= Ukrainian Deminers Association =

The Ukrainian Deminers Association (UDA; Асоціація саперів України) is a Ukrainian non-profit organization operating in the field of mine action. It was founded on 12 November 2018 by Tymur Pistriuha and a group of specialists with the aim of contributing to the development of the mine action system in Ukraine.

UDA is a certified mine action operator and carries out humanitarian demining activities, including non-technical survey, technical survey, clearance, and explosive ordnance disposal. Its areas of work also include Explosive Ordnance Risk Education (EORE) and Mine Victim Assistance (MVA).

UDA implements projects in cooperation with international partners and donors, including UN Women Ukraine, the Mines Advisory Group (MAG), Save the Children, the International Rescue Committee (IRC), Norwegian People’s Aid (NPA), the Canada-Ukraine Foundation (CUF), the Fondation suisse de déminage (FSD).

== Activities ==

=== Humanitarian demining ===
UDA conducts humanitarian demining operations in areas of Ukraine contaminated by landmines and explosive remnants of war. Activities are carried out in locations where active hostilities have ceased and include the detection and disposal of landmines and explosive remnants of war in accordance with national mine action standards.

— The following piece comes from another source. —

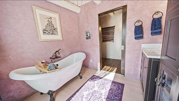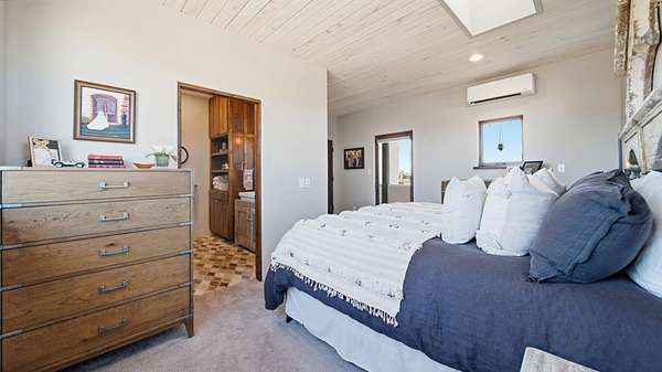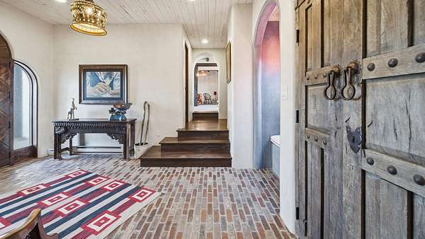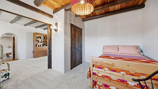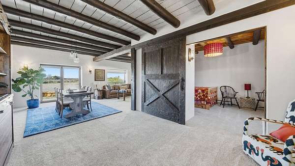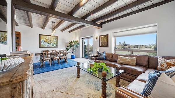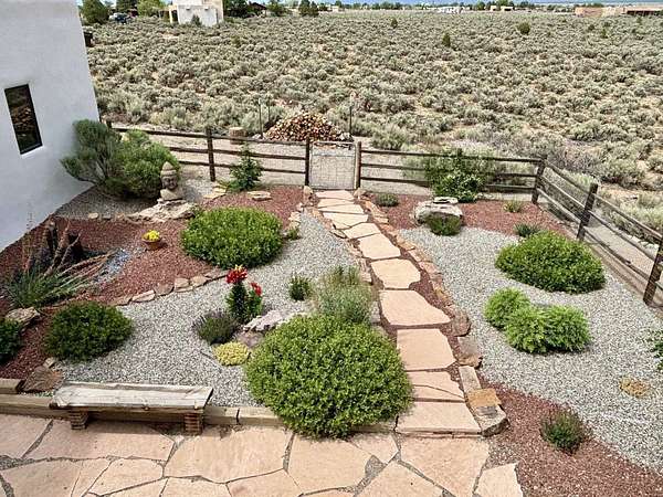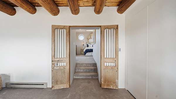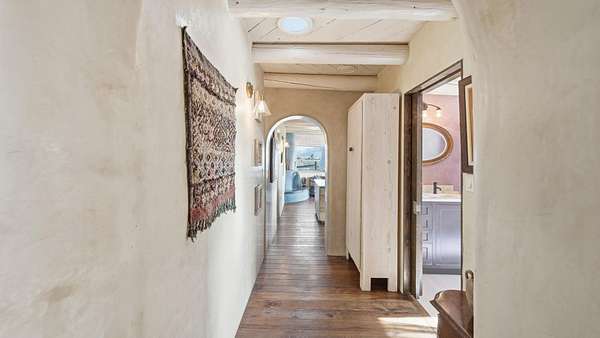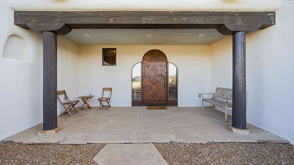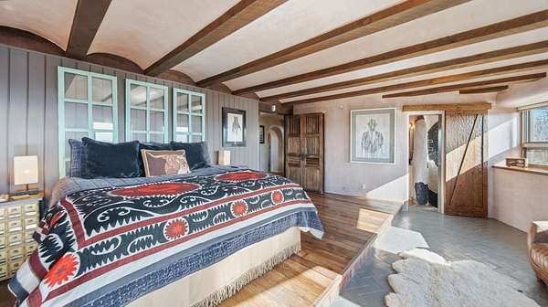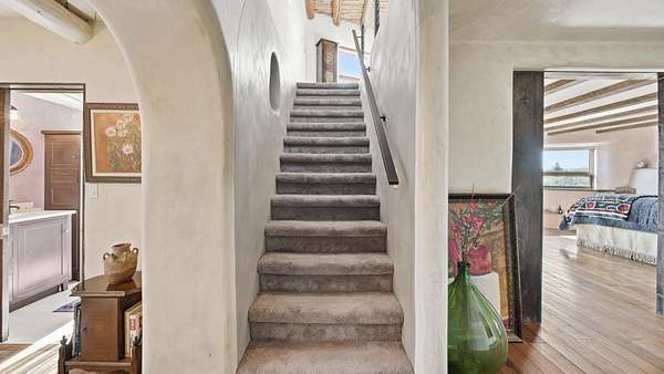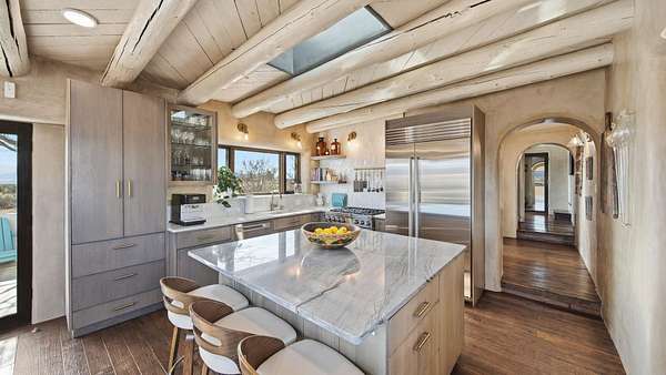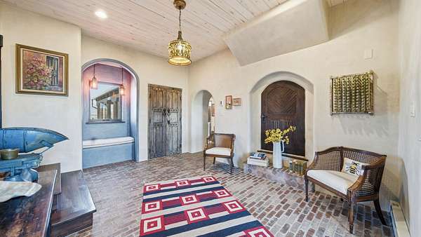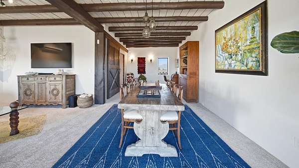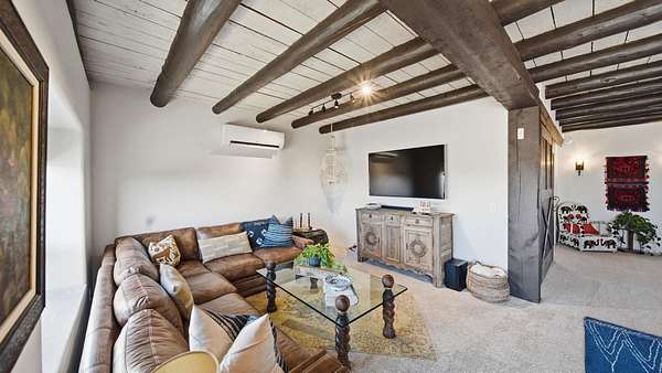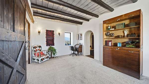 OVER $200,000 IN UPGRADES IN 2025! NEW ROOF, NEW SEPTIC, NEW STUCCO (12-year warranty), TWO MINI-SPLIT SYSTEMS, FULL LUXURY KITCHEN RENOVATION. Modern Adobe Mastery with unmatched location! This exquisite 3-bedroom, 3.5 bath true Taos adobe home offers 3,350 sqft of modern luxury. Perfectly placed - about 20 minutes to Taos Ski Valley and roughly 10 minutes or less to the Historic Taos Plaza - this home is sited on 2.27 acres in the highly sought after Blueberry Hill neighborhood in Taos. Panoramic views of Taos Mountain, Taos Valley, and the Sangre de Cristo range create the perfect backdrop for year-round mountain retreat living. Truly move-in ready, this immaculate home features diamond finish Venetian plaster, fresh paint, coved and viga ceilings, three wood-burning kiva fireplaces, handcrafted doors, designer lighting and Hunter Douglas blinds throughout. A newly renovated chef's kitchen/dining room features a kiva fireplace, top-of-the line Quartzite countertops, SubZero refrigeration, Wolf dual fuel six-burner gas range, microwave drawer, custom rift sawn white oak cabinetry and pantry with pullouts alongside an oversized island with ample storage and seating.A built-in dining nook with wrap-around banco bench that seats 8 comfortably is a true showstopper and features additional in-seat storage. Oversized picture windows, solar powered Velux skylight with rain sensor and glass exterior door offer abundant natural light and pulls the mountain landscape indoors. The kitchen/dining room opens to the north and south patios featuring mature landscaping, drip irrigation, basalt stone fountain and built-in banco seating for alfresco dining or cocktails. The home features two full primary suites. On the first level, escape to the oversized primary suite with a kiva fireplace, beam and coved ceiling, ensuite bath with walk-in pebble-tiled shower and large walk-in closet. The second level primary suite has a sunset balcony, operable skylight, and oversized picture window with Taos Mountain views. The modern ensuite bath features French limestone tile floor, Kohler Purist plumbing, walk-in shower with bench, oversized rain shower head and full body sprays. Multiple living spaces include a newly renovated 700 sf open living/dining space, guest bedroom (or bonus/office space) large enough to accommodate two full sized bunk beds sleeping up to 8. On the second floor, the upstairs great room showcases a stately kiva fireplace, authentic viga/latilla ceilings and large panoramic windows that mirror the primary suite below. This mountain sanctuary seamlessly blends luxury living with the beauty of northern New Mexico. Truly a rare gem in the heart of Taos.

UDA also develops mine detection dog capabilities as part of its humanitarian demining activities.

=== Explosive ordnance risk education ===
UDA conducts Explosive Ordnance Risk Education (EORE) activities aimed at reducing the risks posed by explosive ordnance. These activities seek to promote safer behaviour among both children and adults and to reduce the risk of injury and death caused by contact with explosive hazards.

The organization also provides online mine risk education courses.

To raise awareness of mine-related risks, UDA creates EORE-themed murals in different regions of Ukraine. Each mural includes a QR code linking to educational information about mine safety.

UDA also organizes mine risk awareness quests, including events held in Kyiv and Mykolaiv. These activities combine learning and interactive participation to help improve understanding of safety rules and encourage responsible behaviour in hazardous environments.

=== Mine Victim Assistance ===
UDA provides assistance to people affected by landmines and explosive ordnance. As part of this work, the organization receives and processes requests from affected individuals and provides financial, legal, and psychological support in cooperation with partner organizations.